RECORDED DATA START

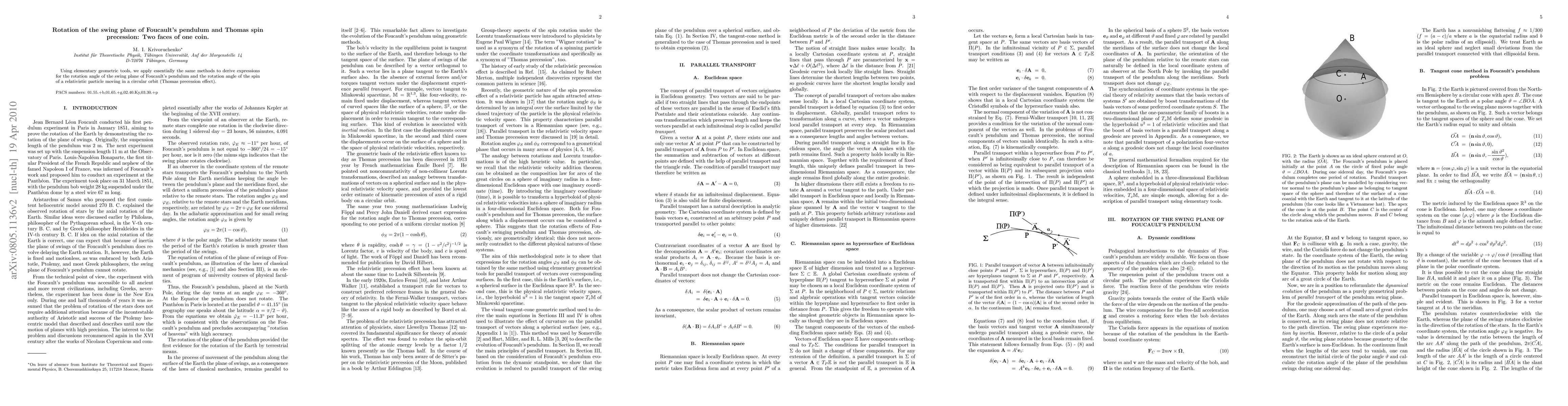 Using elementary geometric tools, we apply essentially the same methods to derive expressions for the rotation angle of the swing plane of Foucault's pendulum and the rotation angle of the spin of a relativistic particle moving in a circular orbit (Thomas precession effect).
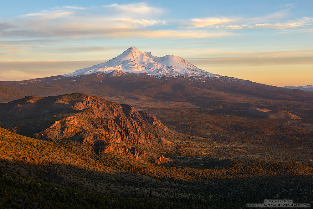 Пойдём по убывающей, это гора Шаста с высотой 4317 метров. Её особенностью можно назвать окружение. Дело в том, что вся система Каскадных гор состоит из стратовулканов, большинство их которых спящие. Этот, например, за время своей активности успел родить ещё 4 пика, которые теперь окружают эту гору. Самый древний из них не слишком отстаёт от своего "родителя" в высоте - 3758 метров.
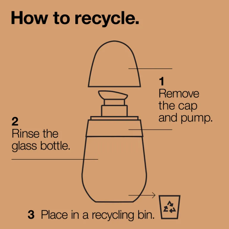 Retira la tapa y el dosificador, lava el interior del vidrio y llévalo a un contenedor de reciclaje.
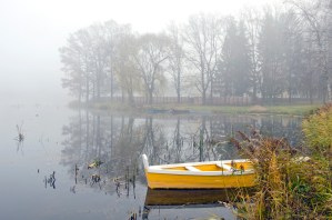 yellow wooden boat on autumn lake and morning mist
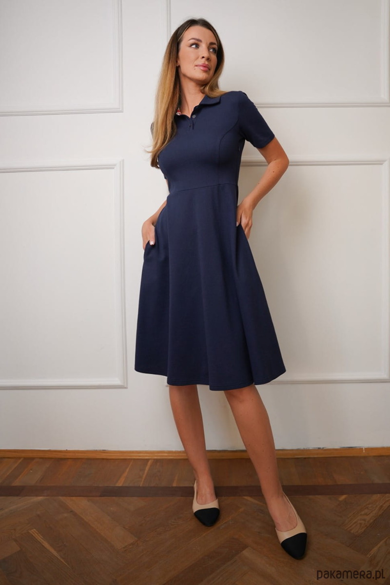 Sukienka z dzianiny, o składzie 100% bawełna. Stworzona zarówno do biegania za sprawunkami jak i na bardziej eleganckie okazje utrzymane w tonie "smart casual".
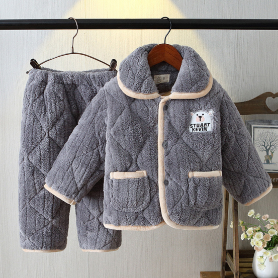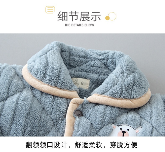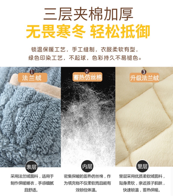 给宝宝买好看的秋装的同时睡衣也要记得给宝宝换厚的哦推荐给大家这款儿童家居服深冬加厚型,上身更舒服 ~ 宽松的版型藏肉显瘦,不显臃肿有点肉肉的宝贝也能穿活动自如,随性自在 用料真的是肉眼可见的厚重!不易褪色,起球,随随便便穿几年完全没问题
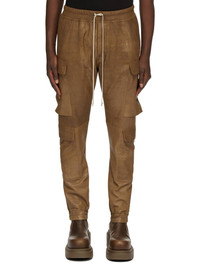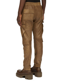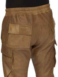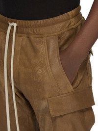RICK OWENS FW24 PORTERVILLE MASTODON MEGACARGO IN BEAN BLISTER LAMB LEATHER THESE MASTODON MEGACARGO PANTS ARE FULL LENGTH WITH A SLIM FIT AND AN ELASTICIZED WAISTBAND WITH DRAWSTRING AND ELASTICATED ANKLES. THEY FEATURE TWO SQUARE CARGO POCKETS ON THE THIGH, WITH TWO BEVELED CARGO POCKETS BELOW, AND TWO SQUARE BACK POCKETS, ALL HAVE FLAPS WITH HOOK AND LOOP FASTENINGS AND TOPSTITCHING THIS LIGHTWEIGHT LAMB LEATHER HAS AN EXAGGERATED UNEVEN BLISTERED TEXTURE AND A SOFT, FLUID HANDFEEL. THE BLISTERED TEXTURE IS ACHIEVED BY EXAGGERATION THE NATURAL GRAIN TEXTURE OF EACH SKIN, THEREFORE THE LOOK OF EACH SKIN IS UNIQUE. - COLOR: BEAN - MATERIAL: 100% LAMB LEATHER - LINING 100% CUPRO - BUTTONS 100% BUFFALO HORN - MODEL IS 189CM TALL - MODEL WEARS SIZE 48
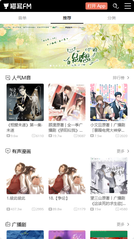 1、从本站下载猫耳FMapp,安装后进入首页,找到【广播剧】模块
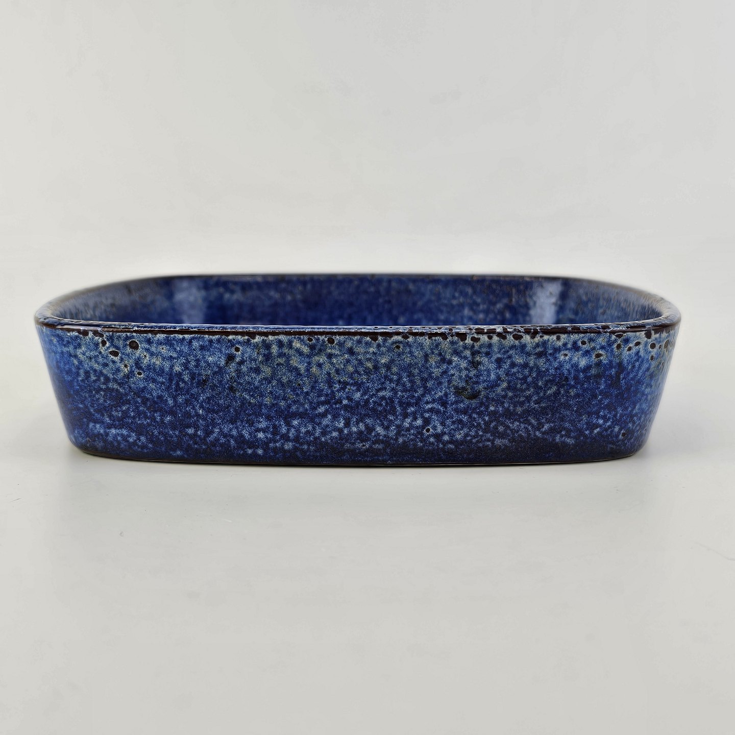 Firkantet skål i fajance fra Baca serien med mønster i blå og sort
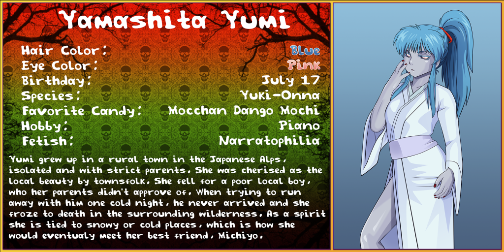 For the Halloween season this year I’m planning to get out two Spookyverse Bios, and this is the first one. For the Halloween pic in 2017 I introduced Yumi here and her best friend, Michiyo, who will be the other bio at a later date. I’ve seen some pretty fair comparisons of Yumi to Yu Yu Hakusho’s Botan, but she was actually inspired by Aoi from GeGeGe no Kitarō. Yumi was originally an unnamed ghost character who would’ve briefly joined the main party in Eromugen, before being repurposed here as a Spookyverse lady. The Eromugen version would’ve just been a generic ghost, but like Aoi Yumi is a yuki-onna, a type of female snow ghost you may have seen show up in other anime or the like before. I’ll talk a little more about her connection to Michiyo when that bio drops soon.
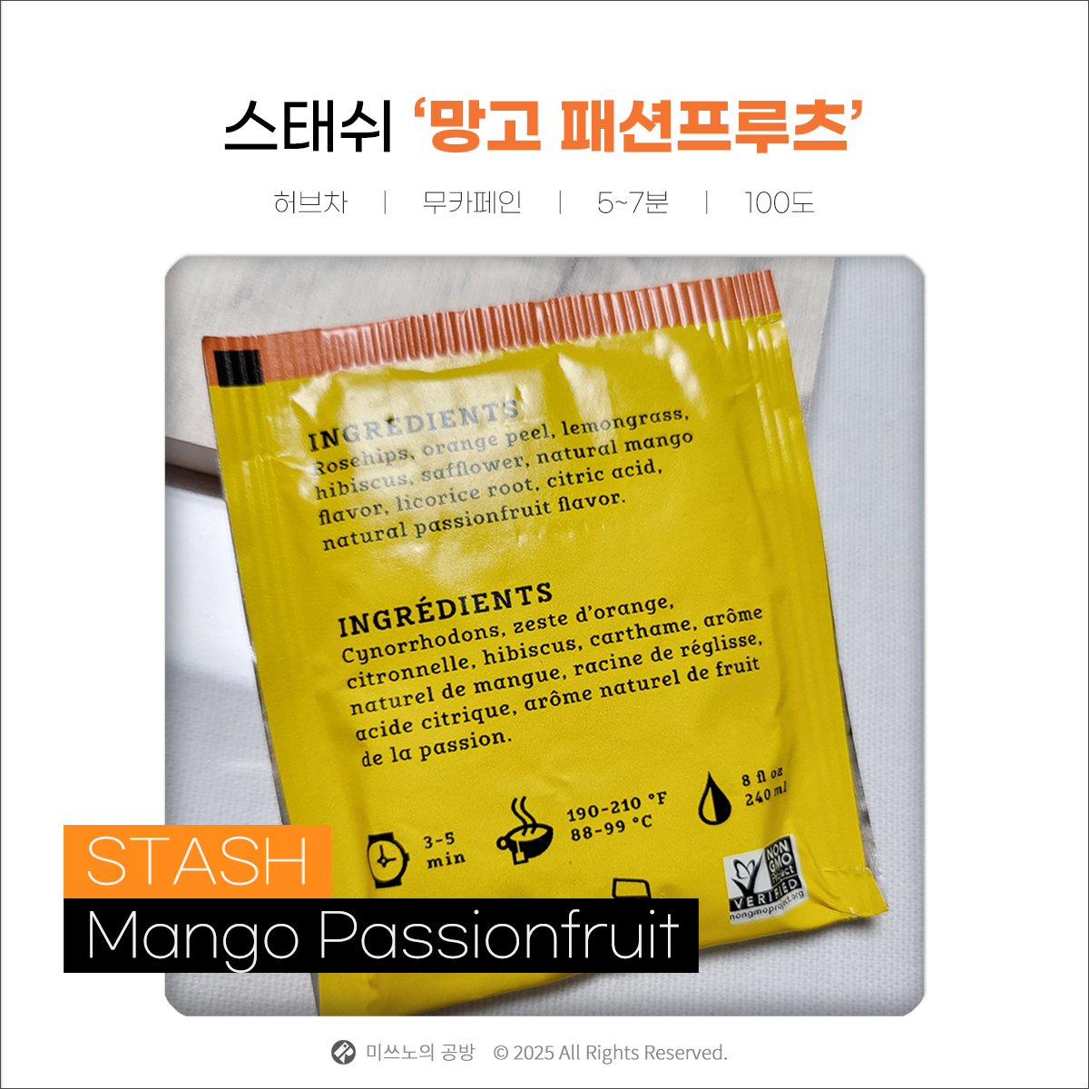 과일차를 좋아하는 분이라면 스태쉬 망고 패션프루츠(STASH-Mango Passionfruit)는 꼭 한 번 경험해볼 가치가 있습니다.
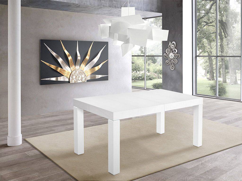 Ausziehbarer Tisch, Tisch Holz, Tisch 160x90, perfekt als Esstisch weiß oder Esszimmer Tisch. Holztisch hergestellt aus MDF mit zwei Verlänguerungen von 37. Verfügbare Farben:: Gebleichte Lärche.
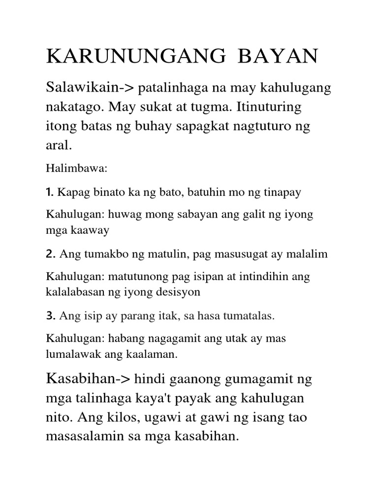 KARUNunGANG BAYAN SALAWIKAIN SAWIKAIN BUGTONG PALAISIPAN BULONG KASABIHAN KAWIKAAN A. Mayaman ang mga Pilipino sa karunungang bayan tulad ng salawikain sawikain bugtong palaisipan kasabihan at mga kawikaan. Ang pantig naman nito ay maaaring apat hanggang labindalawa.
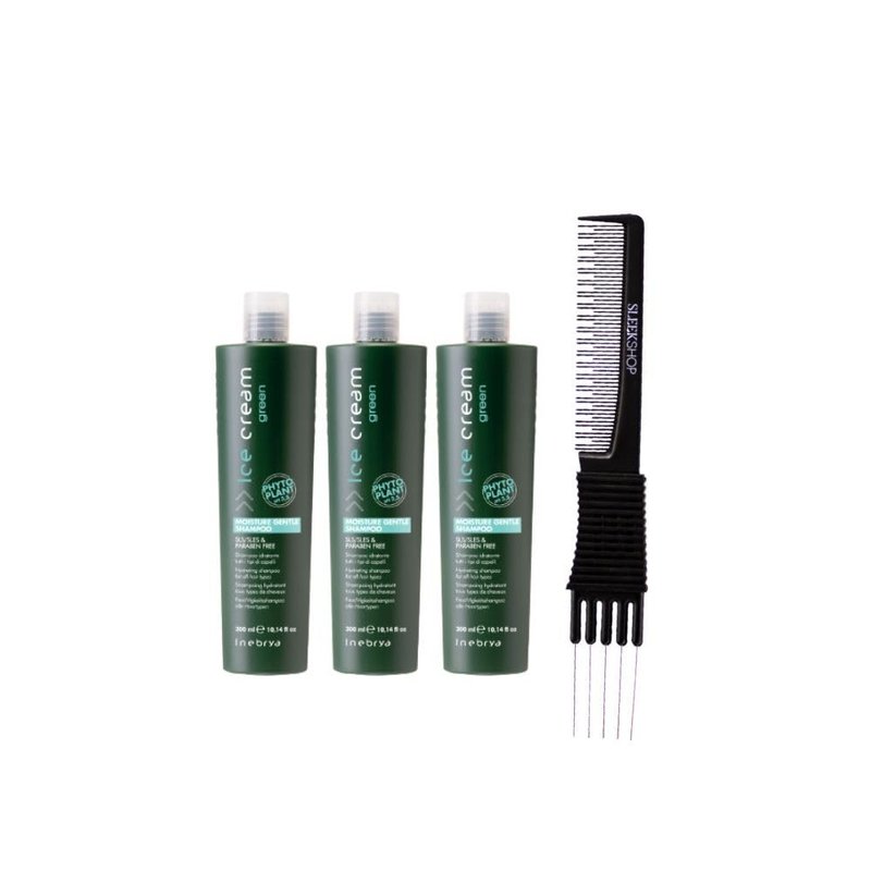 kuss Inebrya Ice Cream Green Moisture Gentle Shampoo (10.14 oz) with Teasing Comb Pack of 3
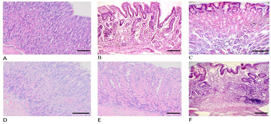 Histology of the rats’ stomachs on the 10th day after ulceration by the Okabe method. Hematoxylin and Eosin staining, ×200 magnification. (A) Group 1 with introduction of STP 1000 µg/mL/200 g. (B) Group 2 with the introduction of STP 500 µg/mL/200 g. (C) Group 3 with the introduction of STP 100 µg/mL/200 g. (D) Group 4 with the introduction of omeprazole 60 µg/200 g. (E) Group 5 with the introduction of ranitidine 200 µg/200 g. (F) Group 6 with the introduction of physiological solution (saline).
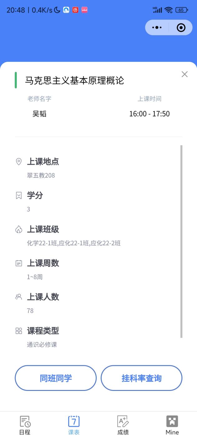 在课程信息下还可以查看同班同学或者查询挂科率。
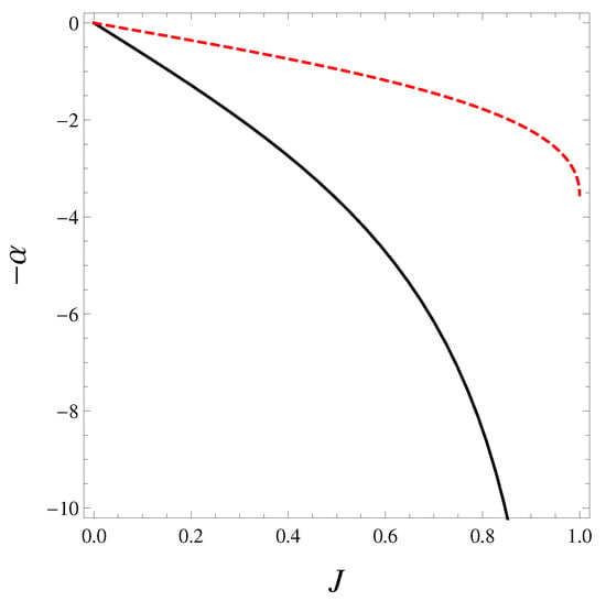 Plots of stability curves at fixed J of standard (black solid) and formal logarithm (red dashed) approaches in the microcanonical treatment. No vertical tangent occurs in either cases. By rotating the figure clockwise with , the stability curves of the canonical treatment can be obtained; i.e., at fixed J. There is a vertical tangent on the stability curve of standard case. The smaller mass branch () is more stable than the larger mass branch (). No turning point appears on the stability curve of the formal logarithm approach.
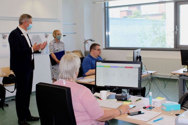 „Vom Lagezentrum aus bündeln wir die Schnittstellen zum Kreis Gütersloh, zur Polizei, zur Bundeswehr sowie zum Deutschen Roten Kreuz und koordinieren die Bedarfe der unter Quarantäne stehenden Menschen“, erklärt Christine Lang, als Erste Beigeordnete der Stadt Gütersloh auch für den Bereich Ordnung zuständig. In der Zentrale, als sogenanntes Back-Office, läuft alles digital ab: Für den koordinativen Aufwand der Meldungen aus den 15 Teams hat die Stadt Gütersloh eigens ein EDV-Tool entwickelt. „Die Bedarfe können damit Objekt- und Personenbezogen bei den Menschen vor Ort eingetragen werden“, erklärt Carsten Schlepphorst, Leiter des städtischen Fachbereichs Ordnung und Personal. „In Echtzeit kann dann das Team im Lagezentrum die Bedarfe ermitteln und an das Deutschen Roten Kreuz weitergeben.“ Mehr als 100 Mitarbeiterinnen und Mitarbeiter der Stadtverwaltung unterstützen im Wechsel derzeit das Lagezentrum unter der Leitung von Nicole Pollklas, darunter und bei den Teams sind Verwaltungskräfte aus ganz unterschiedlichen Bereichen. Schulz, Lang und Schlepphorst dankten für den Einsatz und die Unterstützung durch die Polizei in einer „außergewöhnlichen Situation, die uns vor bisher nie dagewesene große Herausforderungen stellt.“
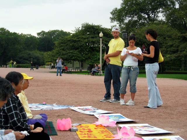 一对情侣在听完真象后,互相问对方:“你能够相信这是真的吗?”随后又驻足很久,看功法表演,看真象展板,询问遗孤的情况,最后说:“我们真的不敢相信所发生的一切,但是我们绝对支持你们,我们决定签名,希望布什总统也能够帮助你们。”
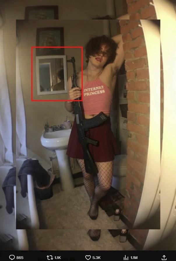Διαδικτυακά άρθρα με θέμα το προφίλ της δράστιδας συμπεριέλαβαν και μια άλλη εικόνα που δείχνει ένα άτομο να κρατά ένα όπλο και να φοράει ένα ροζ μπλουζάκι με τη φράση «πριγκίπισσα του διαδικτύου».
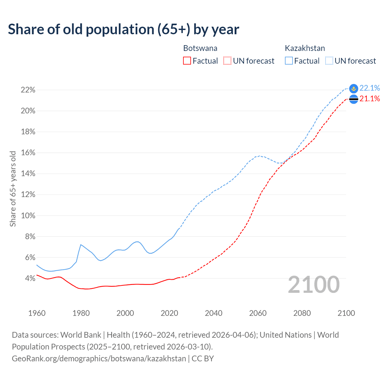 The share of older people aged 65 and over is 4.04% in Botswana and 8.65% in Kazakhstan. Life expectancy in Botswana compared to Kazakhstan .
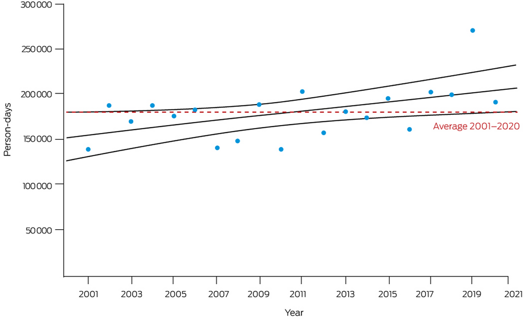Estimated person‐days of exposure to landscape fire for 2020 were calculated from satellite‐observed active fire spots and population density data on a 10 km × 10 km grid. The 2020 calculation of 190 774 person‐days of exposure was lower than the 2019 peak of 270 997 but in keeping with a steady upward trend since 2001 (Box 8; Supporting Information, Table A2). Many factors likely contribute to this trend, including an increasing frequency of conditions favourable to bushfires, increasing use of planned burning to mitigate bushfire hazards (which is also captured in the satellite‐observed landscape fire data), and trends in population size and settlement patterns (Supporting Information 1.7).26
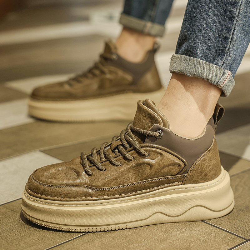 百搭休闲皮面防水青少年跑步运动篮球增高老爹鞋 森马高帮男鞋 秋季
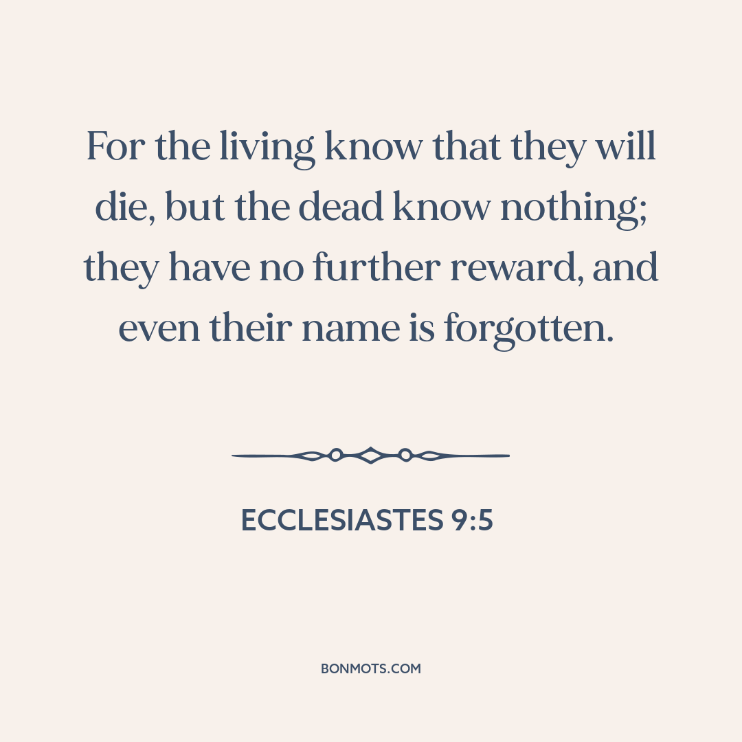For the living know that they will die, but the dead know nothing; they have no further reward, and even their name is forgotten.

RECORDED DATA END

The expected output is the lines above from the one containing "Ausziehbarer Tisch, Tisch" to the one containing "kuss Inebrya Ice", both ends included, reproduced exactly with every picture left out.

▶ ANSWER BOX:
 Ausziehbarer Tisch, Tisch Holz, Tisch 160x90, perfekt als Esstisch weiß oder Esszimmer Tisch. Holztisch hergestellt aus MDF mit zwei Verlänguerungen von 37. Verfügbare Farben:: Gebleichte Lärche.
 KARUNunGANG BAYAN SALAWIKAIN SAWIKAIN BUGTONG PALAISIPAN BULONG KASABIHAN KAWIKAAN A. Mayaman ang mga Pilipino sa karunungang bayan tulad ng salawikain sawikain bugtong palaisipan kasabihan at mga kawikaan. Ang pantig naman nito ay maaaring apat hanggang labindalawa.
 kuss Inebrya Ice Cream Green Moisture Gentle Shampoo (10.14 oz) with Teasing Comb Pack of 3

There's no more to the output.